Zunächst begrüßte Präsident Walter Fritz die Mitglieder des Komitees, insbesondere 1. Bürgermeisterin Ilse Oswald. Anschließend gedachte man der im abgelaufenen Vereinsjahr verstorbenen Mitglieder Josef Falter sen. und Alfons Limböck. „Der Verlust der beiden Mitglieder Falter und Limböck hat in die Gemeinschaft der Pichelsteiner eine große Lücke gerissen“, so Präsident Walter Fritz. Zugleich gedachte man der drei Soldaten des Bataillons, die bei einem heimtückischen Anschlag beim Einsatz in Afghanistan ihr Leben lassen mussten.

„Das Jubiläum 50 Jahre Garnisonsstadt hat den Festzug besonders geprägt und durch die zahlreiche Teilnahme von Soldaten des Bataillons sowie gesellschaftlicher Gruppen wurde die herzliche Verbindung zwischen der Bundeswehr und der Bevölkerung in unserer Region betont“, blickte Fritz auf das Pichelsteinerfest 2010 zurück. Schriftführer Martin Vanek ergänzte die Ausführungen mit Auszügen aus den Protokollen. Kassier Otto Pfeffer gab Rechenschaft über die Finanzen und wies darauf hin, dass bei den Ausgaben künftig die Bremse zu ziehen sei, da die Einnahmemöglichkeiten voll ausgeschöpft sind und allgemeine unvermeidbare Kostensteigerungen in vielen Bereichen den Spielraum einengen. Der Bericht der Kassenprüfer bescheinigte dem Kassier einwandfreie Kassenführung.

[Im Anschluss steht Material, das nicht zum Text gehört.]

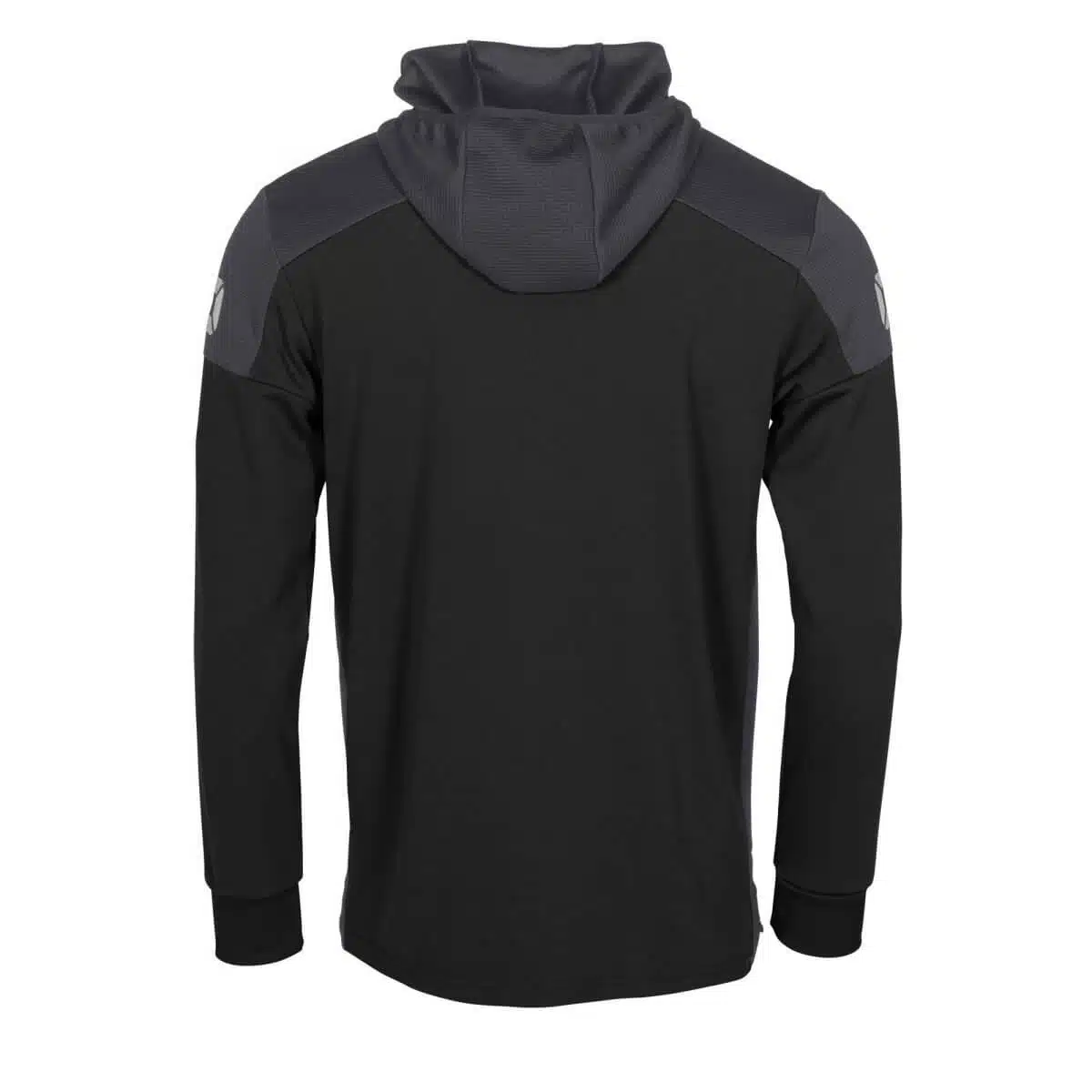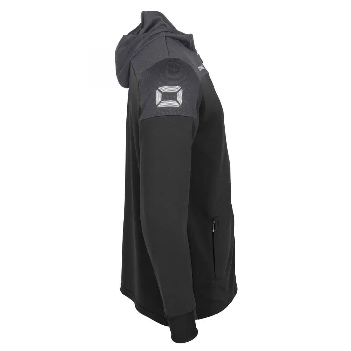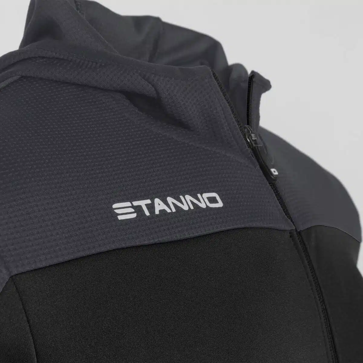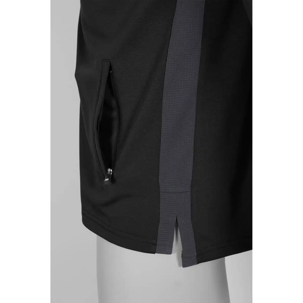 De Stanno Pride Full Zip Hooded Jack Zwart/Grijs heeft twee steekzakken aan de voorkant en een aansluitend machetten van elastisch materiaal. De bovenkant en de zijkanten van het jack zijn gemaakt van ventilerend mesh dat licht en luchtig aanvoelt. De taille van het vest is ook van elastisch materiaal en zorgt hiervoor voor een perfect-fit.

Platzmeister Willy Schicker berichtete über seine steten Bemühungen, die Attraktivität des Festes zu steigern und die Platzressourcen optimal auszuschöpfen. Josef Steinhuber bedankte sich im Namen des Komitees beim 1.Präsident Walter Fritz für sein Engagement und die umsichtige Führung. Präsident Walter Fritz zollte zum Abschluss seinen Leuten große Anerkennung für ihre Arbeit, die in der Bevölkerung eine hohe Wertschätzung hat. In den Dank schloss er ein die Vorstandschaft, ferner die einzelnen Arbeitsgruppen, deren Verantwortliche und Helfer. Ferner gab es Dankesworte an die 1. Bürgermeisterin Oswald für die gute Zusammenarbeit mit der Stadt und allen Einrichtungen und an Familie Falter mit gesamten Personal sowie auch dem Festplatznachbarn, Familie Holz-Schiller.

In ihrem Grußwort würdigte die Bürgermeisterin den persönlichen Einsatz der Komiteemitglieder und aller Helfer für das Heimatstadt. „Das Pichelsteinerfest hat mit seinen Attraktionen und Rahmenveranstaltungen eine sehr große überregionale Ausstrahlung“ sagte sie. Anschließend übernahm sie die Wahlleitung. Auf Vorschlag des Ehrenmitglieds Kurt Fiederling wurde die bisherige Vorstandschaft auch in der Neuwahl wieder einmütig bestätigt.

Die Sorgen des Pichelsteinerkomitees, dass wegen des anstehenden Stadtplatzumbaues eventuell der Festzug beeinträchtigt werden könnte, wurden durch Erläuterungen der Bürgermeisterin Oswald über den geplanten Bauablauf zerstreut.